___ ENTRIES SHOWN
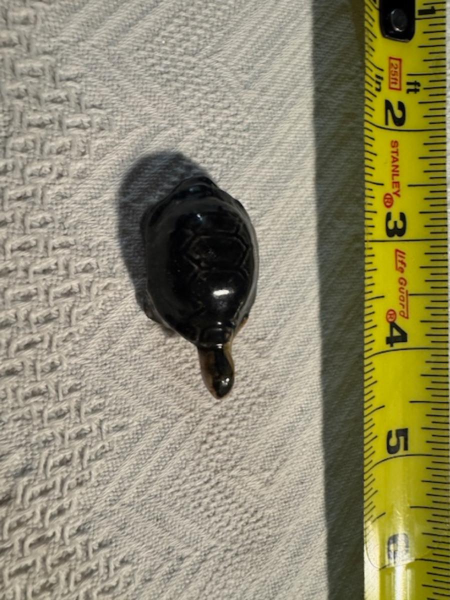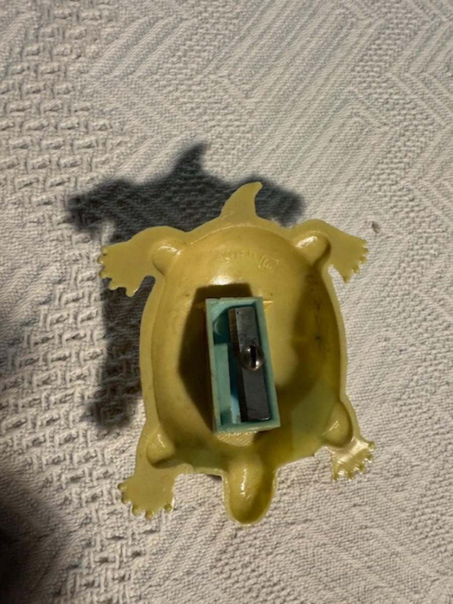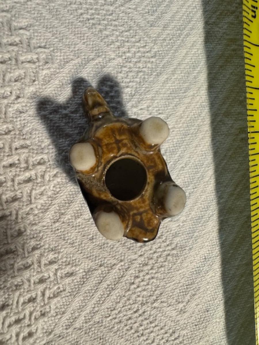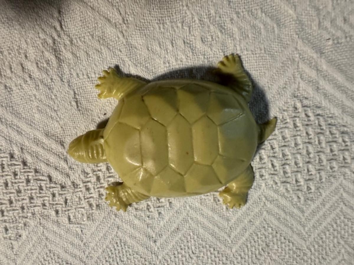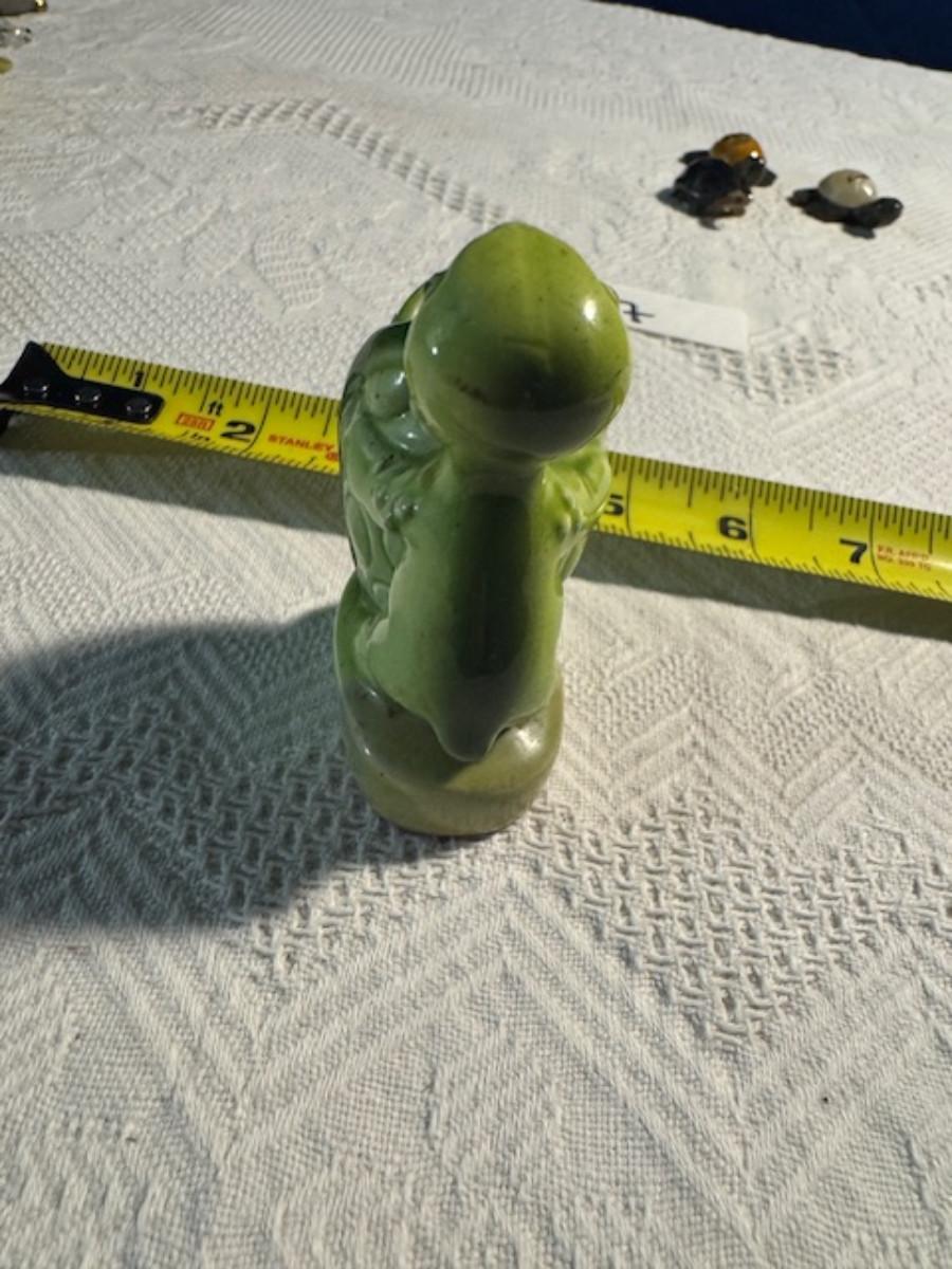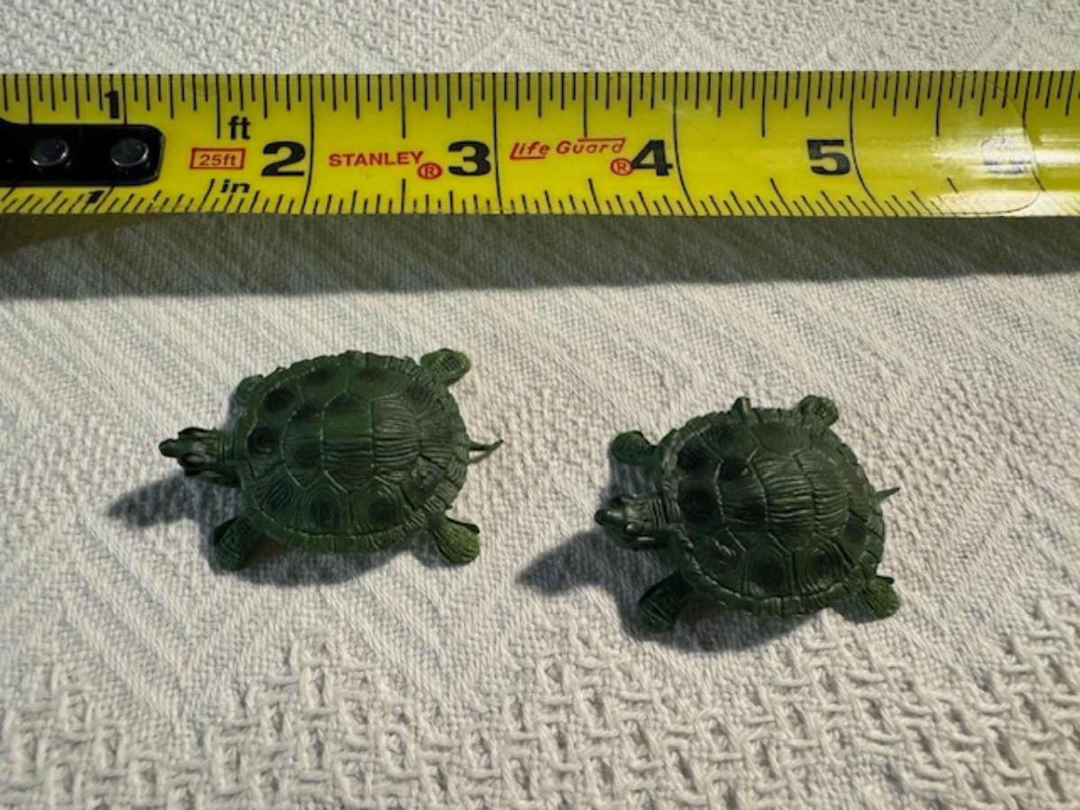 1 ceramic turtle toothpick holder perhaps, 1 metal nut turtle, 1 plastic pencil sharpener turtle. 1 tiger's eye turtle, 1 mini crystal turtle, 2 small plastic turtles, 2 Ecuador stone turtles (one with small chip), and 1 small pottery type turtle.
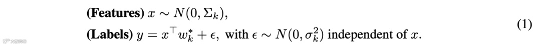 这里,数据分布的特征可以在ℝ^d×ℝ上给出,即P_k=P_{Σ_k,w_k^∗,σ_k^2}:
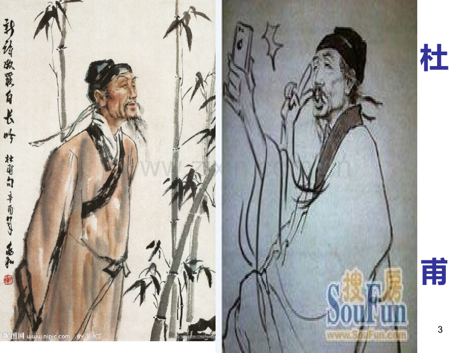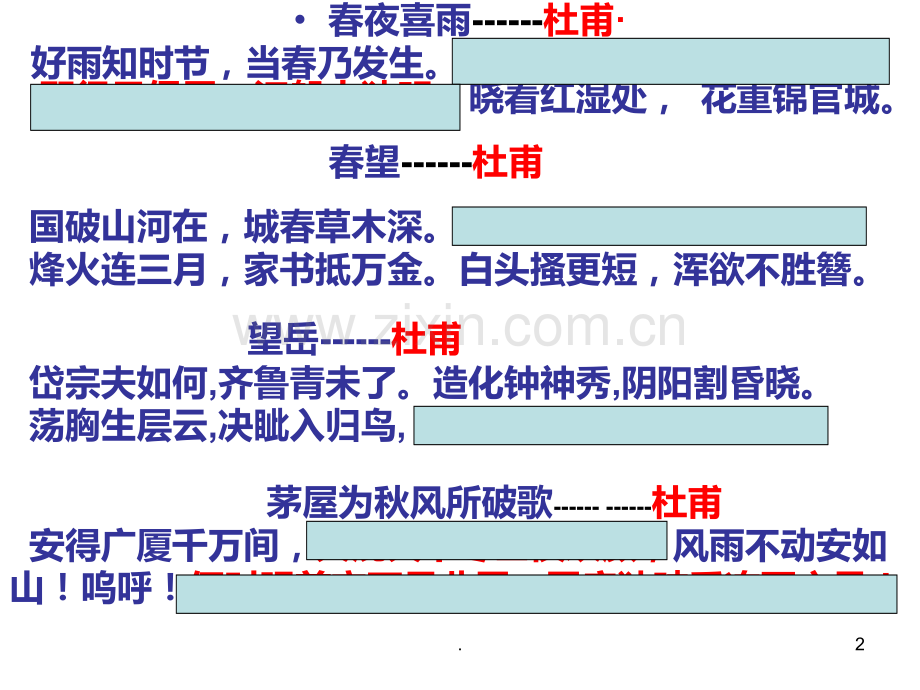 旅 夜 书 怀杜 甫 江苏省淮阴中等专业学校 刘冬梅1.春夜喜雨-杜甫 好雨知时节,当春乃发生。随风潜入夜,润物细无声。野径云俱黑,江船火独明。晓看红湿处,花重锦官城。望岳-杜甫 岱宗夫如何,齐鲁青未了。造化钟神秀,阴阳割昏晓。荡胸生层云,决眦入归鸟,会当凌绝顶,一览众山小。春望-杜甫 国破山河在,城春草木深。感时花溅泪,恨别鸟惊心。烽火连三月,家书抵万金。白头搔更短,浑欲不胜簪。茅屋为秋风所破歌-杜甫 安得广厦千万间,大庇天下寒士俱欢颜,风雨不动安如山!呜呼!何时眼前突兀见此屋,吾庐独破受冻死亦足!2.杜 甫3.旅夜书怀 杜 甫 细草微风岸,危樯独夜舟。星垂平野阔,月涌大江流。名岂文章著,官应老病休。飘飘何所似,天地一沙鸥。4.教学目标 1、学会通过知人论世的方法鉴赏诗句;理解诗歌的内容。2、理解本诗寓情于景的艺术特色。3、理解诗歌中抒发的宦游疲倦、漂泊孤苦的悲凉苦闷之情。5.1、通过“旅”字看背景6.旅:是旅居之意。杜甫在唐代宗广德二年(764)的春天携家人自阆州折回成都,入严武幕。本来有这位好朋友的帮助,他满可以在成都住下去,却不料严武在第二年四月忽然死去。他不得不再次离开成都,乘舟东下,经嘉州(乐山)、戎州(宜宾)、渝州(重庆)、忠州(忠县),于九月到达云安(四川云阳)。旅夜书怀就是在这次旅行中写的。这一年,杜甫已满53岁,杜甫的思想:穷年忧黎元,叹息肠内热.他一直患有肺病和风痹,不时发作。两年前,当安史之乱初平时,他曾有返回长安或洛阳的打算,但因地方军阀乘机作乱及其他原因未能如愿。这回严武之死,他决心离开四川,转作潇湘之游,其实也是不得已而为之,因此,一路上心情十分沉重,不知一生漂泊何时才是个尽头。这首诗就集中的表现了他这种心情。7.2 2、通过“夜”字察实景8.夜:指作者写作这首诗的时间是在夜晚。诗句有:细草微风岸,危樯独夜舟。星垂平野阔,月涌大江流。思考:首先首联颔联描写了哪些景物?这些景物有什么特点?这些构成了一幅怎样的画面(意境),抒发作者什么情感?(小组讨论作答)9.意境细草微风岸,危墙独夜舟。孤立突兀的危樯和孤独的小舟对抗着漫漫长夜细草:微风:阔岸:危樯:孤夜:独舟:意象画面孤弱的细草在无边的风里飘摇不定 寂静凄冷情感漂泊无依孤独寂寞10.星垂平野阔,月涌大江流。低垂的星空:辽阔的平野:涌动的月影:浩荡的大江:星空低垂愈显原野辽阔无边明朗的月空下江水汹涌澎湃奔流不息星盏衬托着无边荒凉的平野一轮明月映照在水中,随着江水的流动而浮荡着意象画面意境雄浑阔大 情感孤苦 伶仃无依无靠 11.3、通过“书怀”悟实情12.名岂文章著,官应老病休。飘飘何所似,天地一沙鸥。如何理解颈联“名岂文章著,官应老病休”的含义?(提示:变成陈述句,联系学过的诗体会作者思想回答。)明确:我的名声是因为文章而显著,做官不是因为年老多病而退休。这是反话,立意很含蓄。诗人素有远大的政治抱负“在望岳和茅屋为秋风所破歌中可以看出一二),但这种理想长期被压抑而不能施展,以此声名竟因文章而著,这实在不是他的心愿。杜甫此时虽年老多病但休管是因为被排挤。这里说反话其实内心希望“因建功立业而出名;希望到老病才休官,而非现在受排挤”。这句话揭示了杜甫政治失意是他漂泊孤寂的根本原因。13.尾联“飘飘何所似,天地一沙鸥。”用了什么手法?有什么效果?(方法步骤:一叙、二析、三评。)叙述:比喻作者把自己比着天地间一只孤独的 沙鸥。有一种自伤漂泊之感,更显孤独和凄凉之情.也体现诗人初离官场的自在感,解脱感。评价:分析:14.译文岸上的细草在微风的吹拂下,发出瑟瑟的声响。江上只有一只孤舟,依岸而宿。诗人就舟而居。遥望原野,远处天与地似乎相接了,天边的星宿也仿佛下垂得接近地面。大江之中,江水浩浩荡荡东流,一轮明月映照在水中,随着江水的流动而浮荡着。名声难道应因为文章而显著吗?做官应因为年老多病而退休。“我”在这世间漂泊,恰似那在广阔天地飞翔的一只沙鸥罢15.总结:通过课文题目了解诗歌内容 1 1、通过“旅”字看背景 2 2、通过“夜”字察实景 3 3、通过“书怀”悟实情由近到远,由下到上,借景抒情,寓情于景,情景交融,反衬(以乐景衬哀情),直抒胸臆,比喻 。艺术手法:16.关于格律诗:律诗属于格律诗。因为格律诗是在古体诗的基础上发展形成的,所以又称之为近体诗。所谓格律诗就是在形式上要遵守一定的“格”。就每首诗的句数而言,分为绝句和律诗:绝句为四句,共两联,分为第一联和第二联;律诗为八句,共四联,依次称为首联、颔联、颈联和尾联。就每句的字数而言,分为五言和七言两种:五言即每句五个字;七言即每句七个字。就语言形式而言,律诗的颔联和颈联必须对仗,首尾两联一般不作对仗要求;绝句的两联一般也不作对仗要求。就音韵而言,每首诗偶数句的末尾的字(即韵脚)必须押韵。起句(第一句)可以押韵,也可以不押韵;起句不押韵的为正格,押韵的为偏格。17.孤雁 杜甫孤雁不饮啄,飞鸣声念群。谁怜一片影,相失万重云。望尽似犹见,哀多如更闻。野鸭无意绪,鸣噪自纷纷。1、从体裁看,这首诗是格律诗中的 ()言律诗,它由4联8句组成,每联都有特定的称谓;这首诗的对仗联有()。2这首诗描写了失落的孤雁叫唤、追赶雁群的形象,其形可悯,其志可嘉。以第二或第四联为例,分析
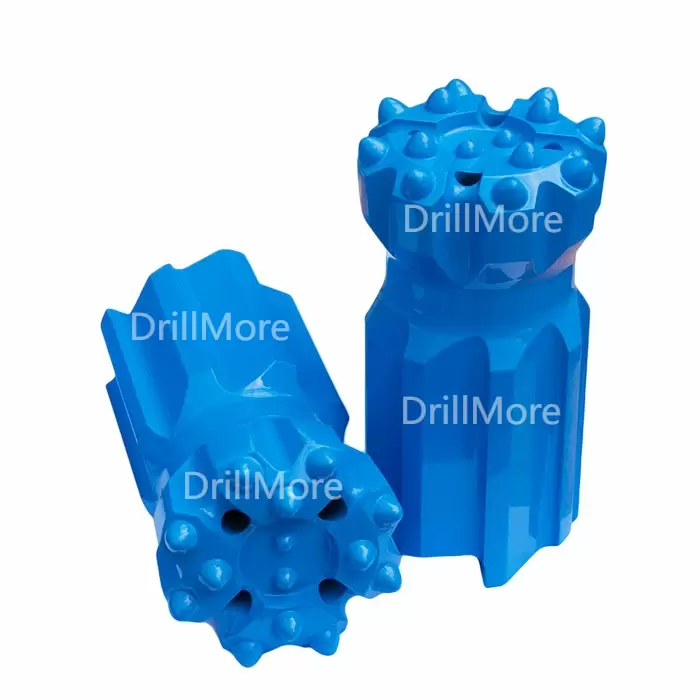 Easy-return ball-tooth threaded bits are mainly used in loose rock bodies where the rock is relatively broken, and their special trouser design can effectively assist in retracting the drilling tool, greatly reducing the phenomenon of jamming and burying the drill, and helping to improve the straightness of the drill hole.
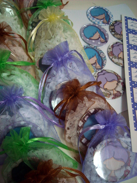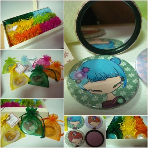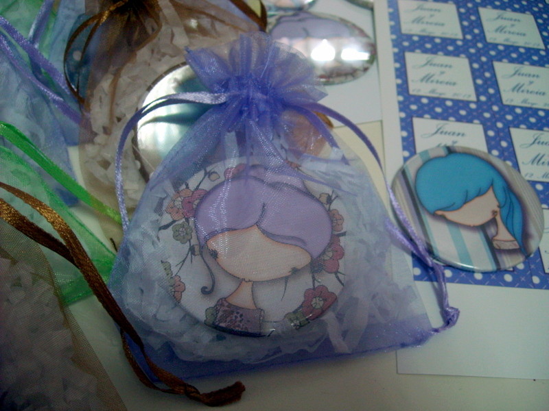 Son espejitos ilustrados de 5,5 cm con sus bolsas.
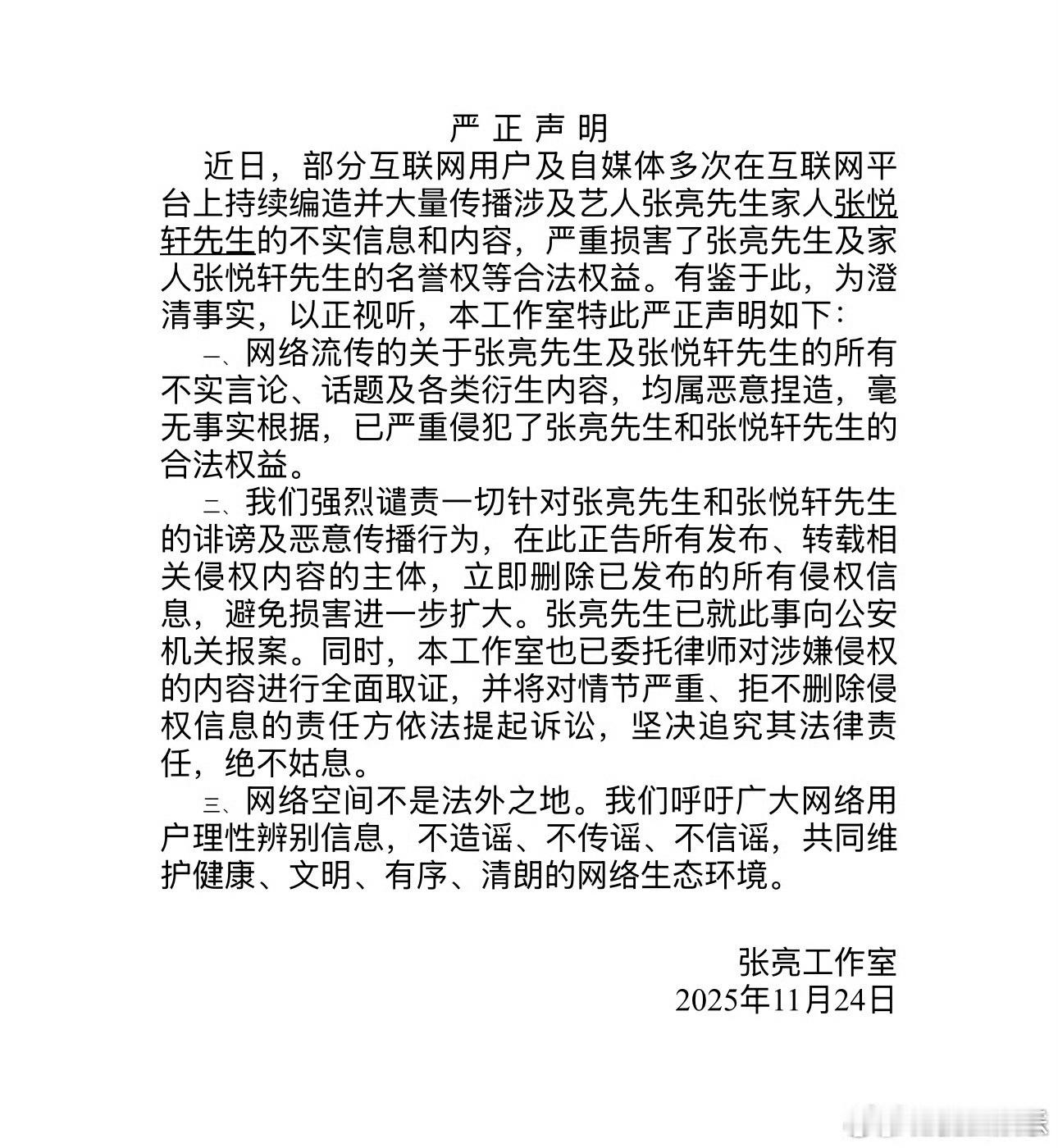 张亮工作室发声明张亮报案今日,张亮工作室发布严正声明:“近日,部分互联网用户及自媒体多次在互联网平台上持续编造并大量传播涉及艺人张亮先生家人张悦轩先生的不实信息和内容,严重损害了张亮先生及家人张悦轩先生的名誉权等合法权益。强烈谴责一切针对张亮先生和张悦轩先生的诽谤及恶意传播行为,在此正告所有发布、转载相关侵权内容的主体,立即删除已发布的所有侵权信息,避免损害进一步扩大。张亮先生已就此事向公安机关报案。同时,本工作室也已委托律师对涉嫌侵权的内容进行全面取证,并将对情节严重、拒不删除侵权信息的责任方依法提起诉讼,坚决追究其法律责任,绝不姑息。”
______
### ASSIGNMENT
Only what runs from the line containing "Son espejitos ilustrados" through the end of the entries above should be extracted, exactly and without pictures.

### EXPECTED ANSWER
 Son espejitos ilustrados de 5,5 cm con sus bolsas.
 张亮工作室发声明张亮报案今日,张亮工作室发布严正声明:“近日,部分互联网用户及自媒体多次在互联网平台上持续编造并大量传播涉及艺人张亮先生家人张悦轩先生的不实信息和内容,严重损害了张亮先生及家人张悦轩先生的名誉权等合法权益。强烈谴责一切针对张亮先生和张悦轩先生的诽谤及恶意传播行为,在此正告所有发布、转载相关侵权内容的主体,立即删除已发布的所有侵权信息,避免损害进一步扩大。张亮先生已就此事向公安机关报案。同时,本工作室也已委托律师对涉嫌侵权的内容进行全面取证,并将对情节严重、拒不删除侵权信息的责任方依法提起诉讼,坚决追究其法律责任,绝不姑息。”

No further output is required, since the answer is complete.